El cometa Swift-Tuttle, cuyos escombros son los que forman las Perseidas, es el objeto más grande que se conoce que hace sucesivas repeticiones de su paso cerca de la Tierra. Su núcleo es de unos 9.7 kilómetros de ancho, casi igual al objeto que acabó con los dinosaurios.

Allá en los años 1990's, el astrónomo Brian Marsden calculó que el Swift-Tuttle podría llegar realmente a golpear a la Tierra en el año 2026. Sin embargo una serie de observaciones eliminaron rápidamente cualquier posibilidad de colisión. Sin embargo, Marsden encontró que el cometa y la Tierra podrían llegar a experimentar un acercamiento cósmico de 1 millón 600 mil kilómetros en el año 3044.

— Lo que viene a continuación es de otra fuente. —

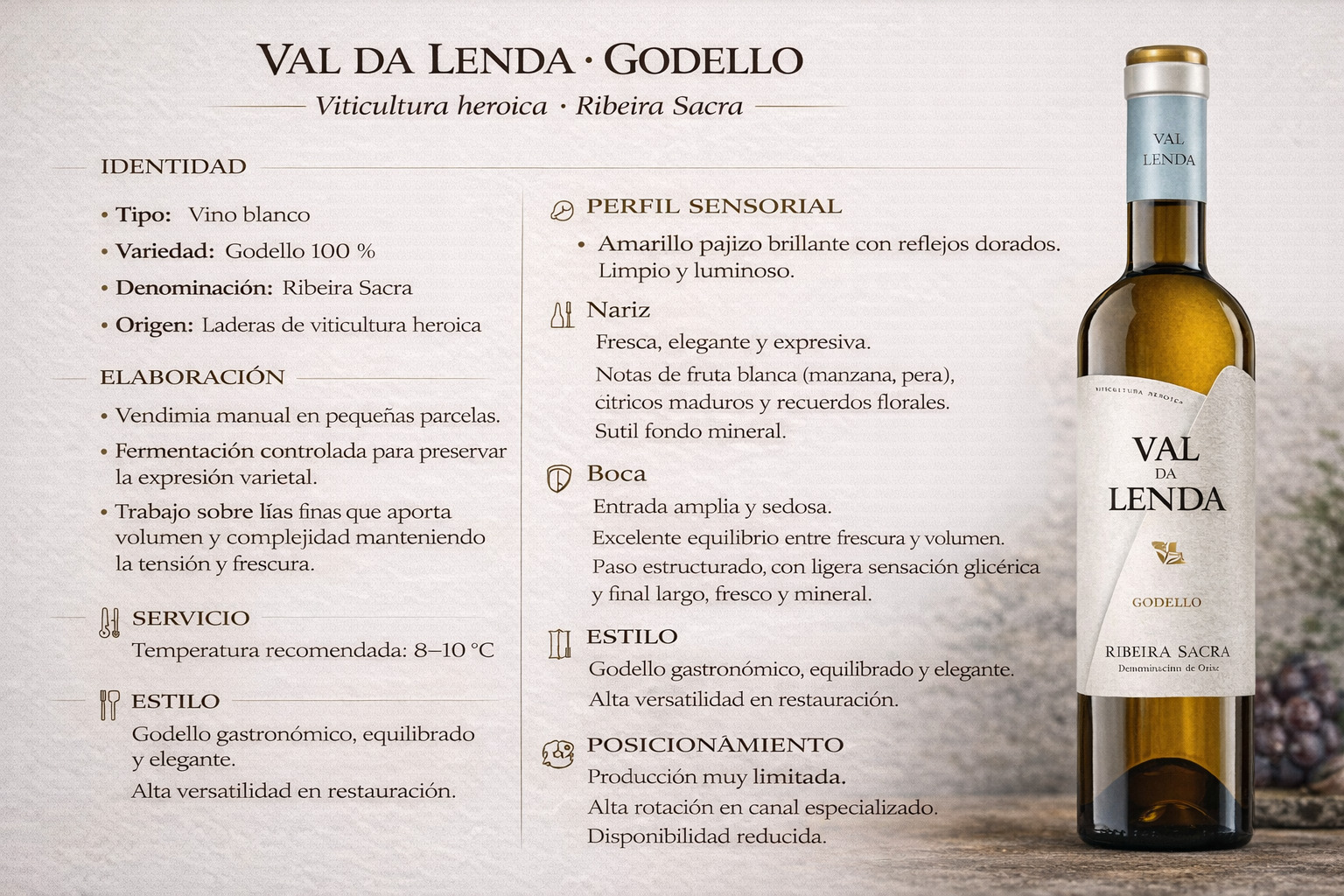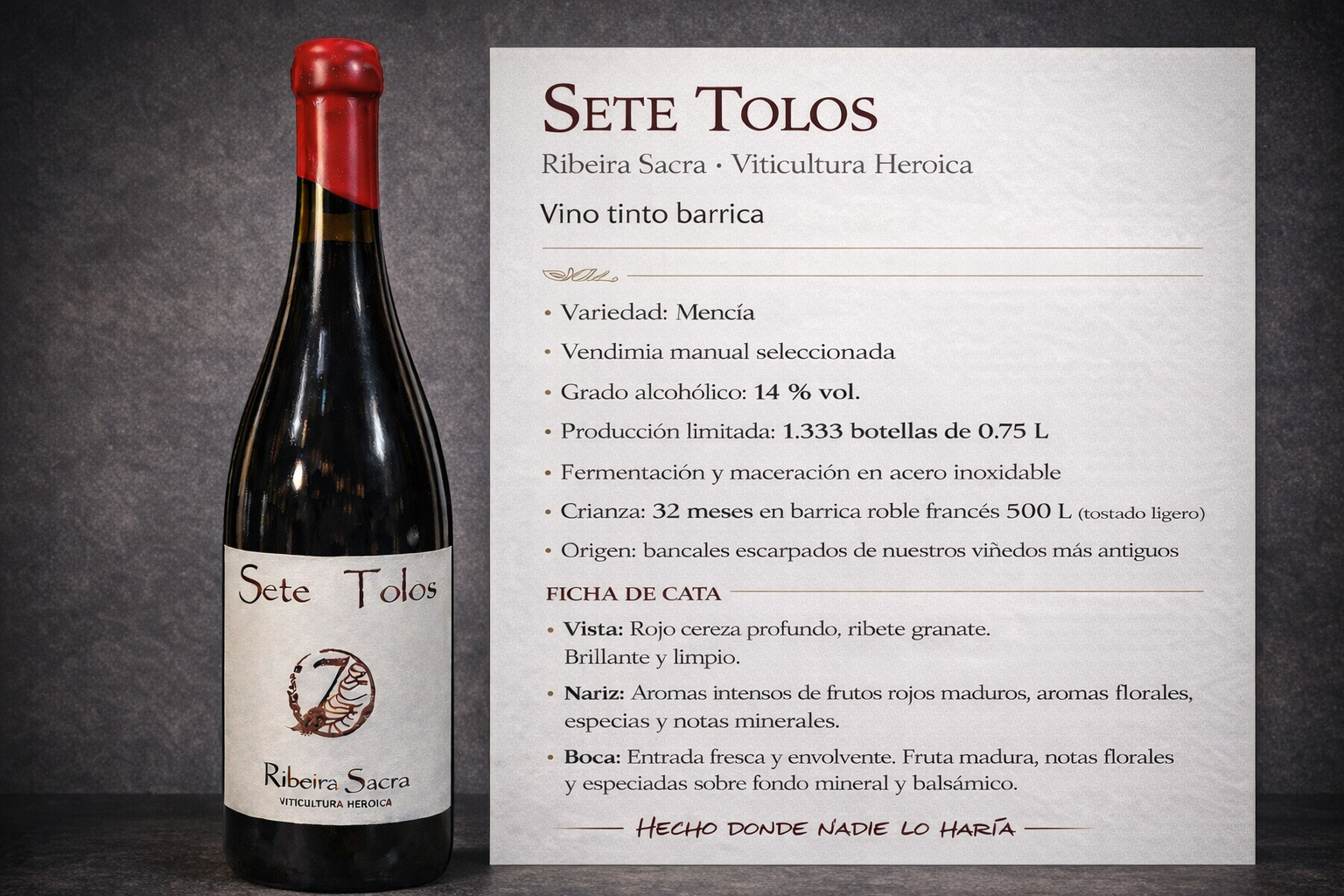 Variedad: Mecía 100% Bodega: Víctor Manuel Rodríguez. D.O. Ribeira Sacra, subzona Amandi Suelo: Esquisto, cultivo en viñedos abancalados con pendientes que llegan a un 80% de inclinación, orientación sur, microclima mediterráneo con influencia atlántica pluviometría anual media 700 mm. Tª media 14ºC. Insolación anual media: 2000 horas. Edad de los viñedos: 25/80 años. Poda: en vaso t espaldera. Vendimia: En cajas de 20 Kg, los racimos de la variedad son vendimiados a…

Cuando una partícula de las Perseidas entra en la atmósfera, comprime el aire frente a ella, el cual se calienta. El meteoro a su vez puede alcanzar una temperatura de 1650 grados Celsius. El calor intenso vaporiza a la mayoría de los meteoros creando lo que conocemos como estrellas fugaces. La mayoría son visibles a unos 97 kilómetros de altura. Algunos meteoros más grandes se estrellan causando un flash más brillante denominado bola de fuego y algunas veces puede escucharse una explosión desde el suelo.

El cometa Swift-Tuttle tiene muchos cometas de su familia. La mayoría se originan en la distante nube de Oort, la cual se extiende cerca de la mitad del camino hasta la próxima estrella. La gran mayoría de ellos nunca visita el sistema solar interno.

Los meteoroides de las Perseidas se encuentran entre 100 a 160 kilómetros de separación aún en las partes más densas del río de escombros que va dejando el cometa. Ese río, de hecho, es más bien como una serie de riachuelos depositados cada uno de ellos durante diferentes pasos del cometa en su órbita de 130 años alrededor del Sol. El material flota en el espacio y de hecho orbita al Sol en casi el mismo paso que la órbita expandiéndose con el tiempo.

A medida que la Tierra gira, la cara que lleva su órbita alrededor del Sol tiende a recoger más escombros del espacio. Esta parte del cielo se encuentra directamente encima de nosotros al amanecer. Por esta razón las Perseidas y otras lluvias de meteoritos son visibles de una manera más favorable en las horas antes del amanecer.

El cometa Swift-Tuttle fue visto por última vez en 1992, un paso muy poco espectacular a través del sistema solar interior que requirió de binoculares para ser observado. Anterior a esto, había sido visto en el año en que fue "descubierto" por los astrónomos americanos Lewis Swift y Horace Tuttle, en 1862. Abraham Lincoln era Presidente en aquél entonces.

La órbita del Swift-Tuttle ha sido calculada hasta 2000 años hacia atrás y se cree que sea el mismo cometa que se observó en el 188 d.C. o aún hasta uno reportado el año 69 a.C.

El Swift-Tuttle se calcula que regresará en el año 2126 (como ya saben, no nos golpeará) y los astrónomos piensan que podría ser un espectáculo de observación a simple vista como el caso del cometa Hale-Bopp. Si los cálculos históricos son correctos, entonces el año 2126 marcará el tercer milenio de observación humana, suponiendo que queda alguien para poder verlo.